#### Exercise
Return every line of the material exactly.

-------- Provided data

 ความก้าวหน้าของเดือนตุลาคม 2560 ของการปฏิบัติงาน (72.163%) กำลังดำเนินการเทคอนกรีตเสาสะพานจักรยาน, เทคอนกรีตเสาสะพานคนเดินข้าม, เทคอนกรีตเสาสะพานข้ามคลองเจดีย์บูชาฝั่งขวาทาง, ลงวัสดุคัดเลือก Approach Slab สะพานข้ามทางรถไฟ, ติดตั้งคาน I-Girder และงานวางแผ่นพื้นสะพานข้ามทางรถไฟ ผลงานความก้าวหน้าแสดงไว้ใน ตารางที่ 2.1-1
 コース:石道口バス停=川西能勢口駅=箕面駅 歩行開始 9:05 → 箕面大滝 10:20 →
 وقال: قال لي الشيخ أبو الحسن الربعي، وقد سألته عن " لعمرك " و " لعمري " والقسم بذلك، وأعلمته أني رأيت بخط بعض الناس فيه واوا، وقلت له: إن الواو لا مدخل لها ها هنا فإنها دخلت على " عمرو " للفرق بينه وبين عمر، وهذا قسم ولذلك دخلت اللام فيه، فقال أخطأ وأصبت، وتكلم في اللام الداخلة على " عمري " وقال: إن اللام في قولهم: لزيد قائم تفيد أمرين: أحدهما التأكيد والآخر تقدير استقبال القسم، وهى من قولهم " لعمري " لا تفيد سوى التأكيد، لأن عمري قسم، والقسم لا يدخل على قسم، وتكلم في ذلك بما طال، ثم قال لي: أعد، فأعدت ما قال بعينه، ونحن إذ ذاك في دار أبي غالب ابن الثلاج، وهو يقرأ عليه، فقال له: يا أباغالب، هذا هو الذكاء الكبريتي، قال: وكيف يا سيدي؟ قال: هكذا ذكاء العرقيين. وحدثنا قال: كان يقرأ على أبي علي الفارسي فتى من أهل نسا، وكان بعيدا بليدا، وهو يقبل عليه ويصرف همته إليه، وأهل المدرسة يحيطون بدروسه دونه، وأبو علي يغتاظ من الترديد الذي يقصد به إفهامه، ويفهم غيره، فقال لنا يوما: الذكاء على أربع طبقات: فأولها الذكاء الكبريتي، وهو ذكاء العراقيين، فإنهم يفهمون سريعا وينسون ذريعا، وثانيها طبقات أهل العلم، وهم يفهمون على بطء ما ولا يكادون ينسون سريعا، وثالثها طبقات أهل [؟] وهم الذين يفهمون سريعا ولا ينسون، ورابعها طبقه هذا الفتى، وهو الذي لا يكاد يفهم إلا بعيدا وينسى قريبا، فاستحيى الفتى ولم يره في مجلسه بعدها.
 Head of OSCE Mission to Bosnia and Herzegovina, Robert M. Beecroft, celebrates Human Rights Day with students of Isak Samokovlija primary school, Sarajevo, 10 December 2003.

----------------

#### Completed task
 ความก้าวหน้าของเดือนตุลาคม 2560 ของการปฏิบัติงาน (72.163%) กำลังดำเนินการเทคอนกรีตเสาสะพานจักรยาน, เทคอนกรีตเสาสะพานคนเดินข้าม, เทคอนกรีตเสาสะพานข้ามคลองเจดีย์บูชาฝั่งขวาทาง, ลงวัสดุคัดเลือก Approach Slab สะพานข้ามทางรถไฟ, ติดตั้งคาน I-Girder และงานวางแผ่นพื้นสะพานข้ามทางรถไฟ ผลงานความก้าวหน้าแสดงไว้ใน ตารางที่ 2.1-1
 コース:石道口バス停=川西能勢口駅=箕面駅 歩行開始 9:05 → 箕面大滝 10:20 →
 وقال: قال لي الشيخ أبو الحسن الربعي، وقد سألته عن " لعمرك " و " لعمري " والقسم بذلك، وأعلمته أني رأيت بخط بعض الناس فيه واوا، وقلت له: إن الواو لا مدخل لها ها هنا فإنها دخلت على " عمرو " للفرق بينه وبين عمر، وهذا قسم ولذلك دخلت اللام فيه، فقال أخطأ وأصبت، وتكلم في اللام الداخلة على " عمري " وقال: إن اللام في قولهم: لزيد قائم تفيد أمرين: أحدهما التأكيد والآخر تقدير استقبال القسم، وهى من قولهم " لعمري " لا تفيد سوى التأكيد، لأن عمري قسم، والقسم لا يدخل على قسم، وتكلم في ذلك بما طال، ثم قال لي: أعد، فأعدت ما قال بعينه، ونحن إذ ذاك في دار أبي غالب ابن الثلاج، وهو يقرأ عليه، فقال له: يا أباغالب، هذا هو الذكاء الكبريتي، قال: وكيف يا سيدي؟ قال: هكذا ذكاء العرقيين. وحدثنا قال: كان يقرأ على أبي علي الفارسي فتى من أهل نسا، وكان بعيدا بليدا، وهو يقبل عليه ويصرف همته إليه، وأهل المدرسة يحيطون بدروسه دونه، وأبو علي يغتاظ من الترديد الذي يقصد به إفهامه، ويفهم غيره، فقال لنا يوما: الذكاء على أربع طبقات: فأولها الذكاء الكبريتي، وهو ذكاء العراقيين، فإنهم يفهمون سريعا وينسون ذريعا، وثانيها طبقات أهل العلم، وهم يفهمون على بطء ما ولا يكادون ينسون سريعا، وثالثها طبقات أهل [؟] وهم الذين يفهمون سريعا ولا ينسون، ورابعها طبقه هذا الفتى، وهو الذي لا يكاد يفهم إلا بعيدا وينسى قريبا، فاستحيى الفتى ولم يره في مجلسه بعدها.
 Head of OSCE Mission to Bosnia and Herzegovina, Robert M. Beecroft, celebrates Human Rights Day with students of Isak Samokovlija primary school, Sarajevo, 10 December 2003.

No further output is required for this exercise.